The Supreme Court has not rendered any decision since Bell v. Wolfish that detracts from its vitality when applied to a pretrial detainee’s deprivation of the due process right to liberty from punishment caused by the episodic act or omission of an individual jail official. In fact, in Wilson v. Setter, 501 U.S. 294, 111 S.Ct. 2321, 115 L.Ed.2d 271 (1991) the Court expressly refused to recognize a distinction between cases involving “conditions of confinement” and others arising from “specific acts or omissions directed at individual prisoners” in its Eighth Amendment cruel and unusual punishment analysis. Id. at n. 1. The Court reasoned:
It seems to us ... that if an individual prisoner is deprived of needed medical treatment, that is a condition of his confinement, whether or not the deprivation is inflicted upon everyone else. Undoubtedly deprivations inflicted upon all prisoners are, as a policy matter, of greater concern than deprivations inflicted upon particular prisoners, but we see no basis whatever for saying that the one is a “condition of confinement” and the other is not — much less that the one constitutes “punishment” and the other does not.... Id. at n. 1.

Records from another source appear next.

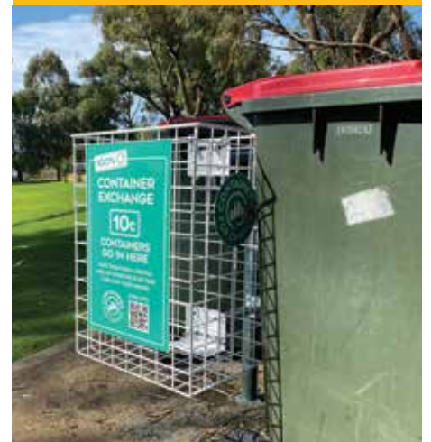
The containers for change baskets are located in and around the City's parks.

The City has installed Containers for Change exchange points across the City to reduce the amount of waste going to landfill and to help committed recyclers raise money. So far, exchange points have been installed at Neil Hawkins Park, Joondalup; Tom Simpson Park, Mullaloo; Hillarys Beach Park; Burns Beach Park; Iluka foreshore; Sorrento foreshore and Mawson Park, Hillarys. It is hoped that members of the community will recycle their containers at these sites instead of disposing them in a bin destined for landfill. Collectors can then take the container from the basket and gain the 10c refund.
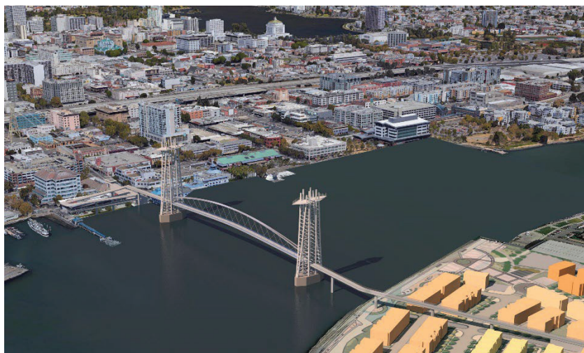
Rendering of the proposed Oakland-Alameda Bicycle/Pedestrian Bridge

improvements connecting the Posey Tube to Interstate 880, called the Oakland Alameda Access Project, and is expected to be completed in 2027.
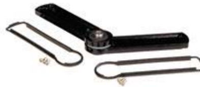
(click to enlarge) Variable Style
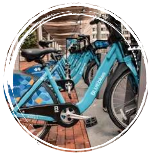
CYCLE DOCK POINTS
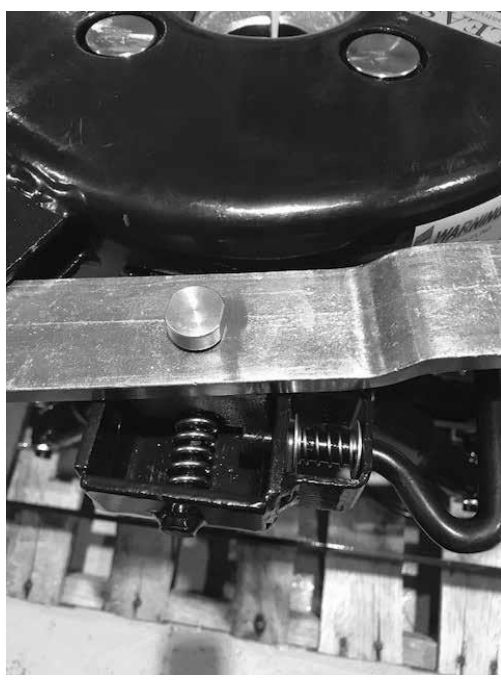
Locked Position Retaining pin view
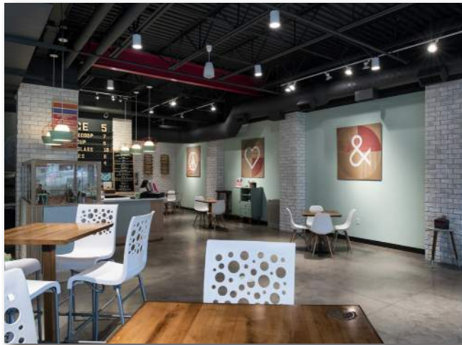
Peace, Love & Pie
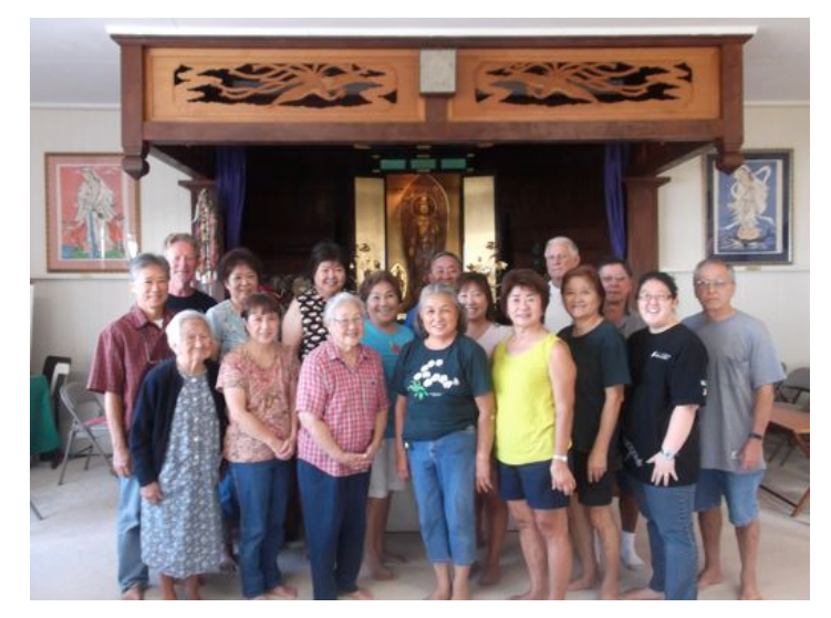
Mahalo nui to the volunteers who set up the 33 Kannon & cleaned the temple for our Ohigan service on March 23.
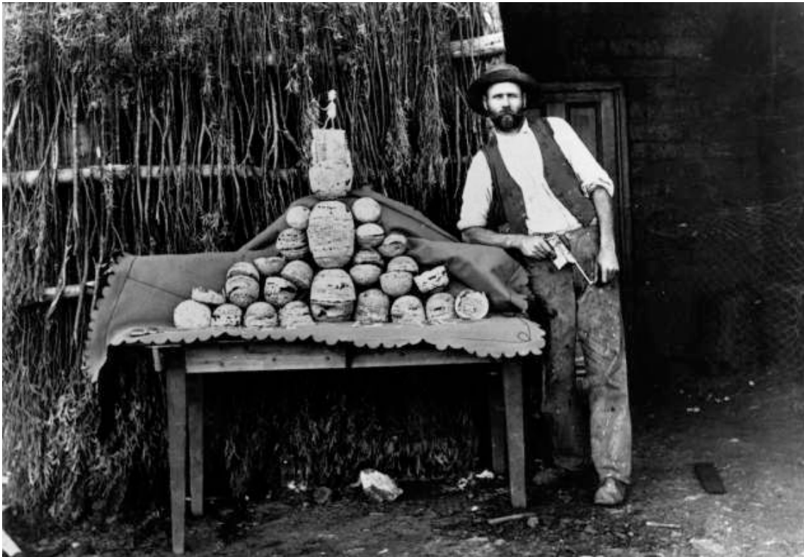
Figure 4: Merton’s Reward – the owner and his gold
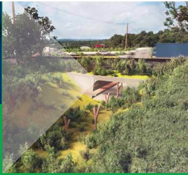
Image (top): Artist impression of the Beaudesert Road fauna crossing

Transurban Queensland, operator of the go via network , is committed to improving environmental outcomes for the local community through the Logan Enhancement Project.
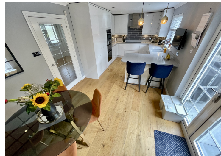
15 Grahamfield Place, Beith
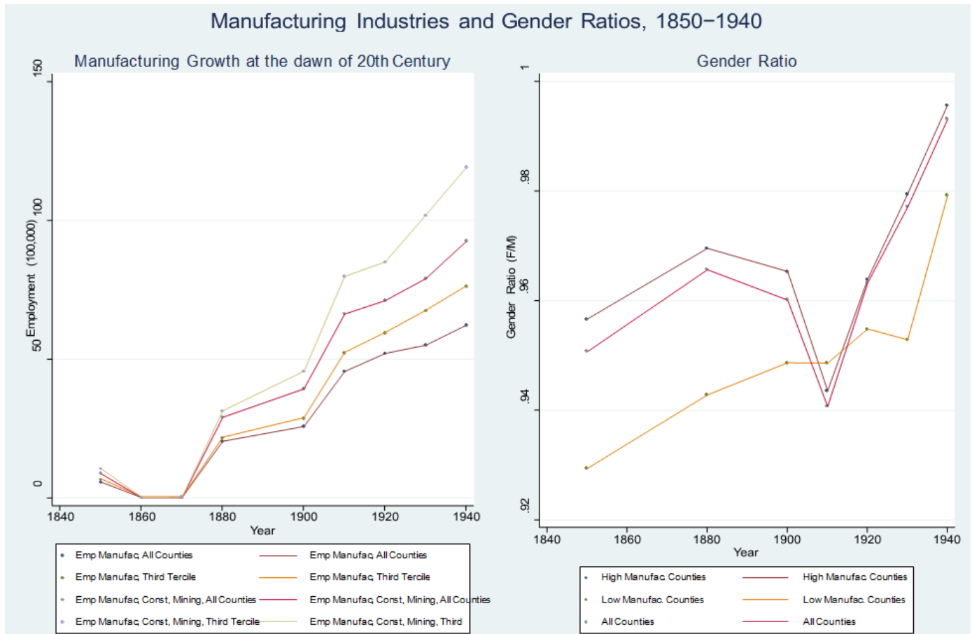
Figure-2. Manufacturing Growth at the dawn of 20th Century.

Notes: Full Count Decennial Censuses are used. First and third terciles of percentage of manufacturing in all industries at county level is used to define high/low manufacturing intensity.
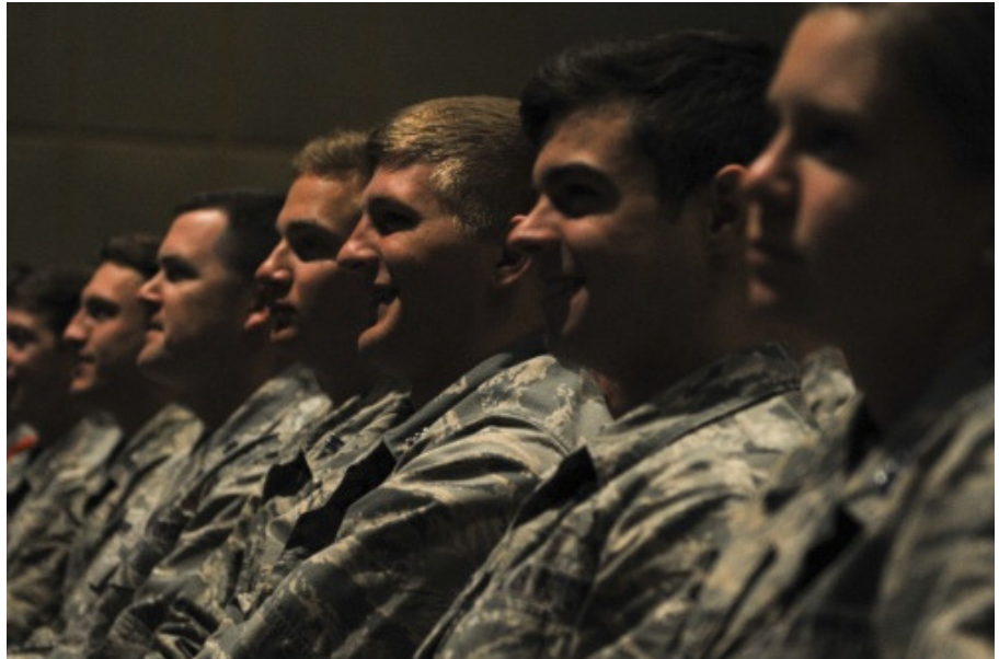
Commander's calls, Energy Action Month events, and public speaking engagements all help to build support for an energy aware culture.

Strategic communications plays an important role in educating Airmen and stakeholders on the criticality of operational energy to the Air Force mission. We continue to develop and expand our communications strategy and messaging through awareness campaigns, content development, digital media, and leadership speaking events.
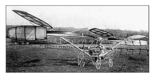
Figure 1.7. Cornu's hopper
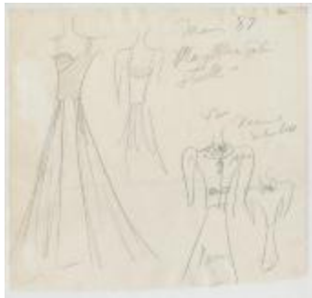
Set of Four Sketches Depicting a Blue and Brown Ensemble and Navy Blue Satin and Tulle Evening Dress (KA0039_V8p52-001)
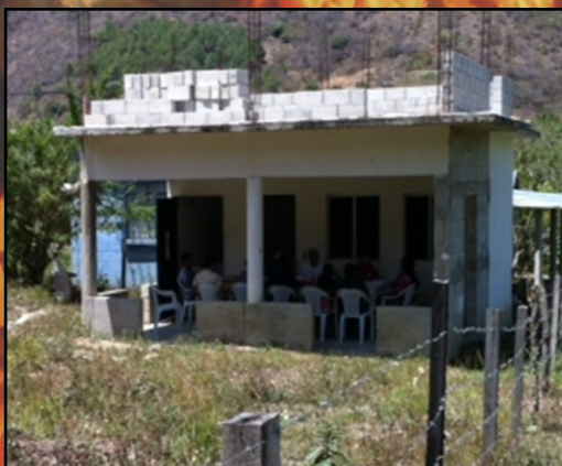
The beautiful building in Chiac where the water will be installed.
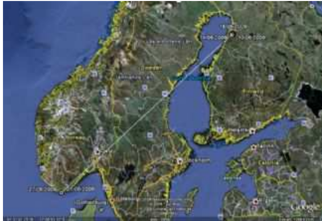
First stage of autumn migration

At 0430GMT, the curlew was on a tiny island on the very southern tip of Norway, 8 kilometres SSW of Mandal. Her migration from the breeding grounds was 1192 kilometres (742 miles). It's amazing how quickly summer is over for curlews. Unable to say whether she was in active flight during the night or stopping over on the island.
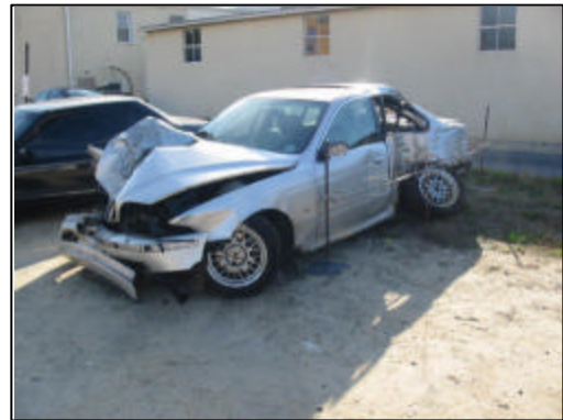
Figure 1. Damaged 2001 BMW 525i

This remote investigation focused on the performance of the Advanced Occupant Protection System (AOPS) and the side impact inflatable occupant protection system present in a 2001 BMW 525i sedan. The AOPS included dual-stage “smart” frontal air bags and safety belt pretensioners. The side impact inflatable occupant protection system included side impact air bags and a Head Protection System (HPS). The BMW ( Figure 1 ) was involved in a run-off-road crash that involved a left side impact to a wood fence and a wood utility pole, and a subsequent frontal impact with a tree. The impacts resulted in the deployment of the driver’s air bag, both side impact air bags, and both HPS. A 17-year-old male driver was the sole occupant of the vehicle and was restrained by the manual 3-point lap and shoulder belt. He sustained small lacerations behind the left ear, left shoulder abrasion, left chest abrasion, left abdomen abrasion, left lower leg contusion, a right hip contusion, and a thoracic spine strain. He was transported by ambulance to a local hospital where he was treated for his injuries and released.
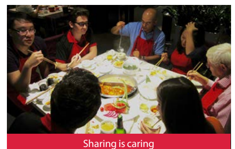
Sharing is caring
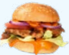
Pan-Cooked Chicken Burger
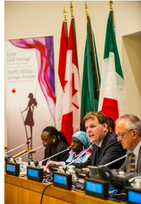
Former Canadian Foreign Affairs Minister John Baird delivers remarks at the Ending CEFM event on the margins of the 69th United Nations General Assembly.
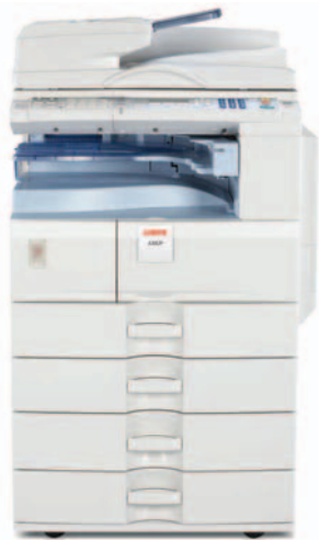
LD125 Standard Scan/Print/Fax Model*

The majority’s attempt to resurrect the same invalid distinction in order to isolate pretrial detainees’ claims based upon “specific acts or omissions directed at individual prisoners” and place them under the aegis of *653the Eighth Amendment “deliberate indifference” standard rather than under the broader protection of the Due Process Clause is clearly inconsistent with the Supreme Court’s cases. The Supreme Court’s decisions repeatedly indicate that convicted inmates have less protections and rights than pretrial detainees and other unconvicted persons in the state’s custody. Certainly, the ambit of the state’s duty to protect pretrial detainees from any punishment is greater than that of its duty to protect convicted inmates only from cruel or unusual punishment. Bell v. Wolfish, supra. “Persons who have been involuntarily committed are entitled to more considerate treatment and conditions of confinement than criminals whose conditions of confinement are designed to punish.” Youngberg v. Romeo, 457 U.S. 307, 321-322, 102 S.Ct. 2452, 2461, 73 L.Ed.2d 28 (1982). See also, Riggins v. Nevada, 504 U.S. 127, 112 S.Ct. 1810, 118 L.Ed.2d 479 (1992); City of Revere v. Massachusetts General Hospital, 463 U.S. 239, 103 S.Ct. 2979, 77 L.Ed.2d 605 (1983); Graham v. Connor, 490 U.S. 386, 109 S.Ct. 1865, 104 L.Ed.2d 443 (1989). Contrary to the majority’s suggestion, the Supreme Court’s decision in DeShaney v. Winnebago County DSS, 489 U.S. 189, 109 S.Ct. 998, 103 L.Ed.2d 249 (1989) does not undermine any of these authorities. In DeShaney the Court merely distinguished Youngberg v. Romeo, supra, holding that the state had no duty, under the Due Process Clause, to protect a child against abuse by his father, even though the state knew that the child faced danger of such abuse, where (1) the child was not in the state’s custody, and (2) the state played no part in creation of the danger, nor did the state do anything to render the child any more vulnerable to such danger.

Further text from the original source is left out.